Haldol under the tongue

The anti-depressant drug Prozac could be used to tackle one of the deadliest childhood tumours and possibly other types of cancer, scientists said.

Fluoxetine—the chemical name for Prozac—works to fight the highly aggressive neuroblastoma, which is most common in young children.

The breakthrough led by Brunel University London could spare young patients treatment with highly toxic cocktails of chemotherapy drugs and radiation.

“Prozac has the potential to be used in children with neuroblastoma as a new and effective anti-cancer drug, but with less toxicity than current cancer treatments,” said Professor Arturo Sala.

Publishing the results today in Oncogenesis, the team show Prozac can stabilise a protein encoded by the gene CDKN1B that kills neuroblastoma cells and slows their growth. And crucially, the doses needed are safe for children, which they call ‘a major clinical advance’.

Researchers found significantly fewer metastases (when cancer spreads from one part of the body to another) in organs such as liver, kidneys and bone marrows in mice on Prozac.

The idea to use Prozac to treat cancer came after previous studies found people on long-term treatment for psychotic illnesses have lower cancer rates.

Working with Italy’s D’Annunzio University of Chieti–Pescara, they made the discovery using a gene-editing tool called CRISPR. CRISPR let them target the CDKN1B gene, which is downregulated in cancers with mutation of the oncogene MYC, such as neuroblastoma.

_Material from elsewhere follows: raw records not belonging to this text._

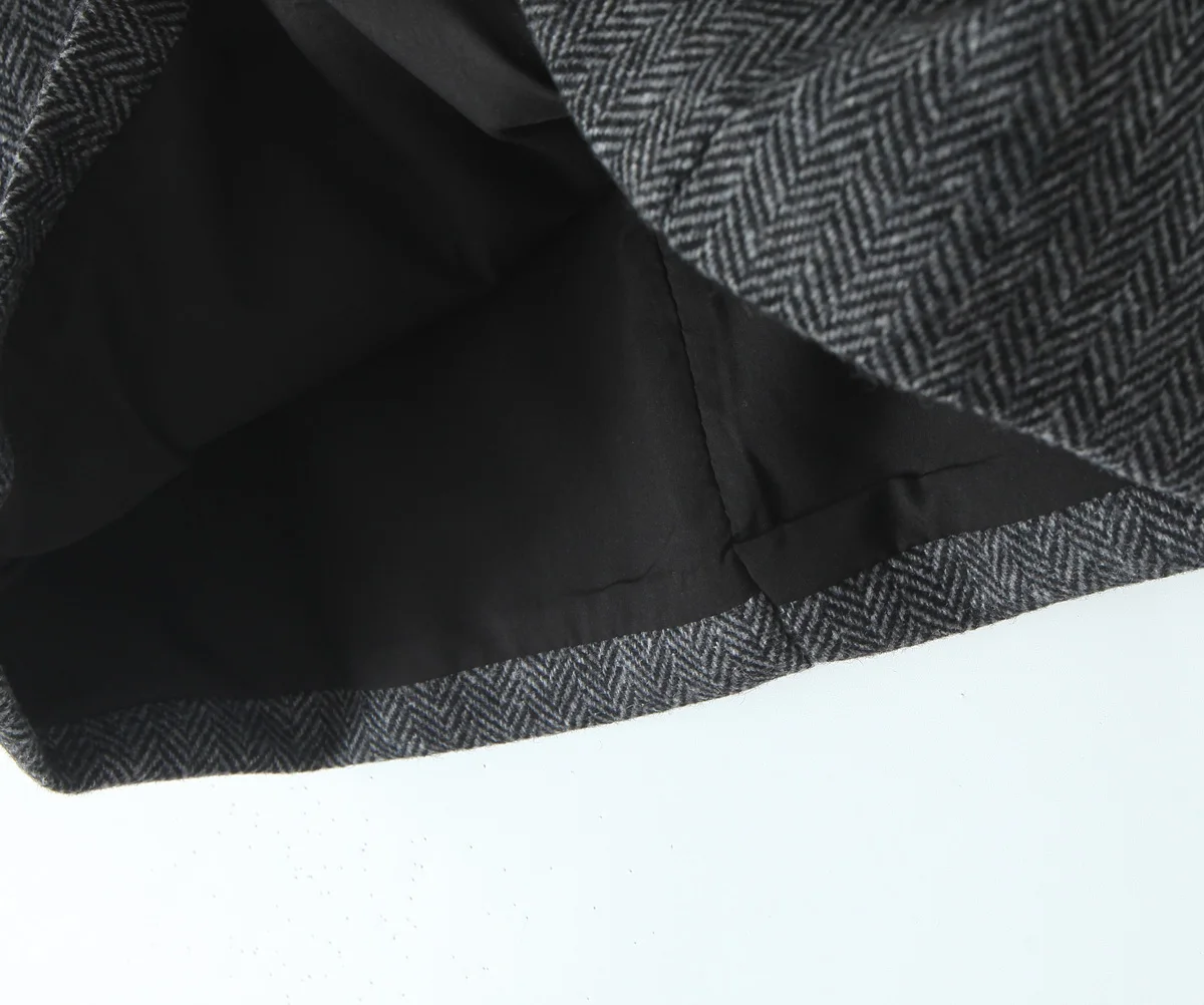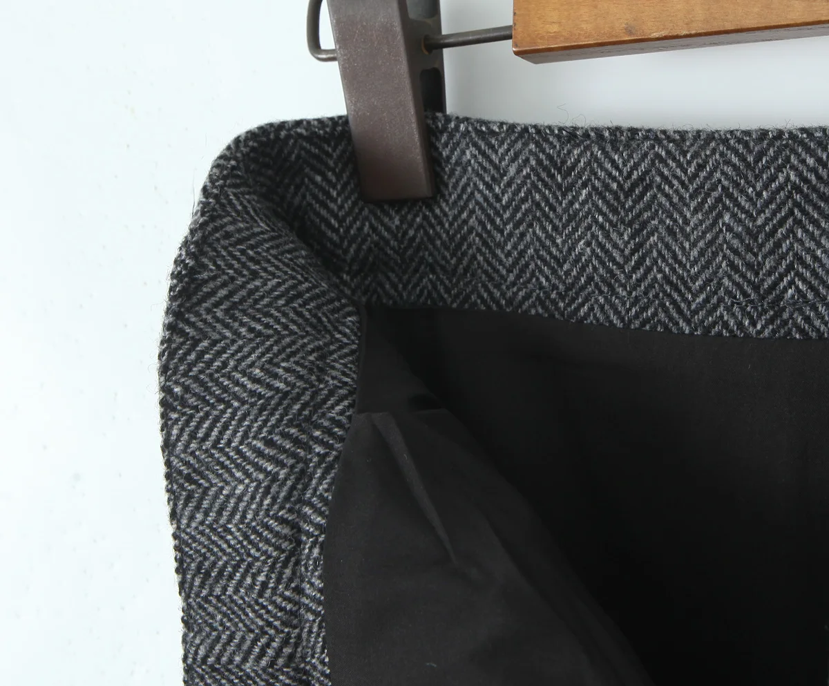 Vintage Winter Pleated Mini Skirt Women Streetwear High Waist Woolen Cute Skater Skirts With Shorts Belt Grey Black Skirt Woman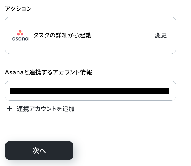 - 次に、トリガーでAsanaを選択し、「タスクの詳細から起動」アクションを設定します。これにより、Asanaの特定のタスクから手動でフローを起動できるようになります。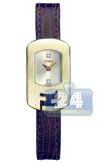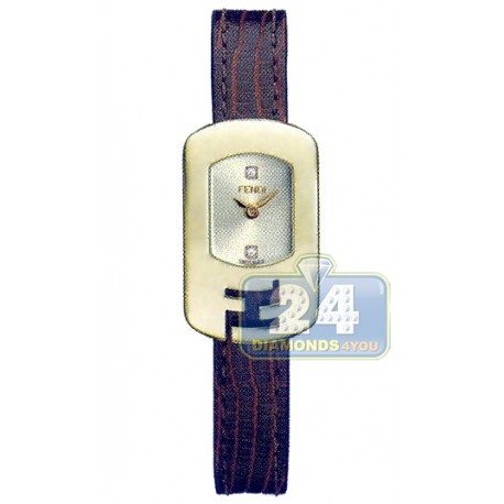 Fendi Chameleon Small Diamond Champagne Dial Yellow Gold Case Brown Leather Strap 18 mm Women's Watch - Reference F300425021D1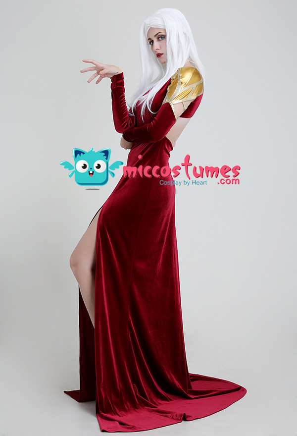 - Design details: Gold velvet and net yarn are spliced together, which is elastic and shiny. Sponge pads are added to the shoulders to be identical to the characters, with straight shoulders and a thin waist.

Prozac could potentially treat other cancers too, said Prof Sala: “Since Prozac targets MYC-expressing cancer cells, it could possibly be used to treat a wide range of human cancers with high MYC expression, for example big killers such as breast cancer or prostate cancer.”

Neuroblastoma is the most commonly diagnosed cancer in the first year of life and is responsible for most cancer deaths in babies. Even with surgery, radiotherapy and chemotherapy, the average patient with high-risk metastatic disease lives less than 3 years. Relapse is common, so finding a less toxic drug to prolong remission could be life-changing.